The 31-year-old writer has become the youngest winner in the $50,000-prize’s six-year history.
“All the judges agreed on the superior quality of this novel, both artistically and also in terms of its social and humanitarian content,” the Panel’s Chair Egyptian writer Galal Amin said.
Alsanousi said that writing his winner novel involved hard work for over a year, noting that he travelled to the Philippines in order to know about life and society there.
The novel focuses on the suffering of the son of a Kuwaiti father and a Filipina mother, and the crisis of identity he faces when he tries to blend in with the Kuwaiti society.

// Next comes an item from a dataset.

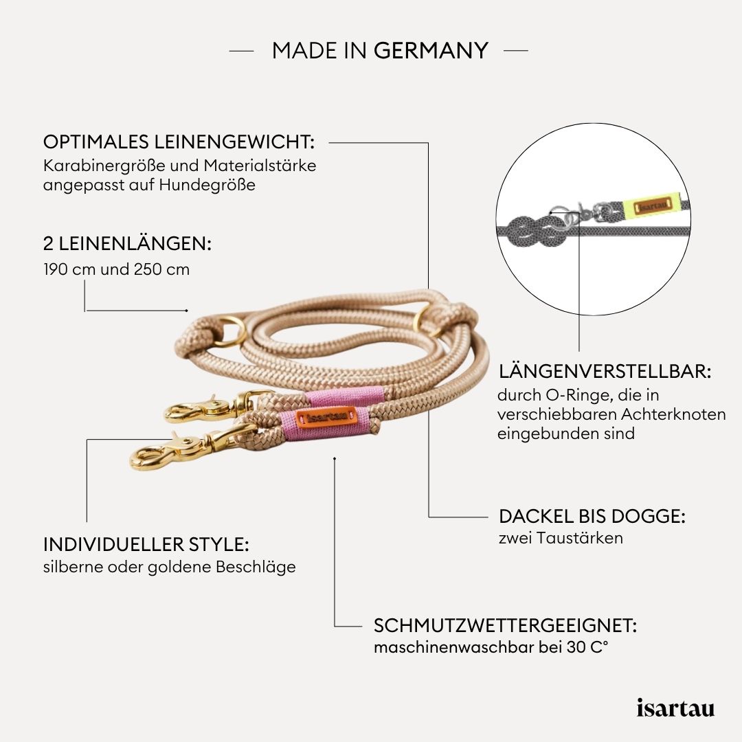 Unsere Führleine aus Tau ist der perfekte Begleiter für jede Gelegenheit – schlicht, funktional und stilvoll zugleich.

Josephine comes to Kuwait from the Philippines to work as a household servant, leaving behind her studies and family, who are pinning their hopes for a better future on her. In the house where she works, she meets Rashid, the spoiled only son of his mother Ghanima and father Issa.
After a brief love affair, he decides to marry Josephine, on condition that the marriage remains a secret. But things do not go according to plan. Josephine becomes pregnant with José and Rashid abandons them when the child is less than two months old, sending his son away to the Philippines.
There he struggles with poverty and clings to the hope of returning to his father's country when he is eighteen. It is at this point that the novel begins.
“The Bamboo Stick” is a daring work which looks objectively at the phenomenon of foreign workers in Arab countries and deals with the problem of identity through the life of a young man of mixed race who returns to Kuwait, the ‘dream’ or ‘heaven’ which his mother had described to him since he was a child.
Saud Alsanousi is a Kuwaiti novelist and journalist, born in 1981. His work has appeared in a number of Kuwaiti publications, including Al-Watan newspaper and Al-Arabi, Al-Kuwait and Al-Abwab magazines.
He currently writes for Al-Qabas newspaper. His first novel The Prisoner of Mirrors was published in 2010 and in the same year won the fourth Leila Outhman Prize, awarded for novels and short stories by young writers.
In the Stories on the Air competition, organised in July 2011 by the Al-Arabi magazine with BBC Arabic, he won first place for his story The Bonsai and the Old Man.
Alsanousi beat five other finalists for the prize. Each finalist, including the winner, will receive $10,000.
The other finalists were Iraqi Sinan Antoon for “Hail Mary”, Tunisian Houcine El Oued for “His Excellency the Minister”, Lebanese author Jana Elhassan for “Me, She and the Other Women”, Saudi Mohammed Hasan Alwan for “The Beaver” and Egyptian Ibrahim Issa for “Our Master”.
The prize is supported by the Booker Prize Foundation in London and funded by the Abu Dhabi Tourism & Culture Authority (TCA, Abu Dhabi), which marks its first year as the new sponsor in 2013.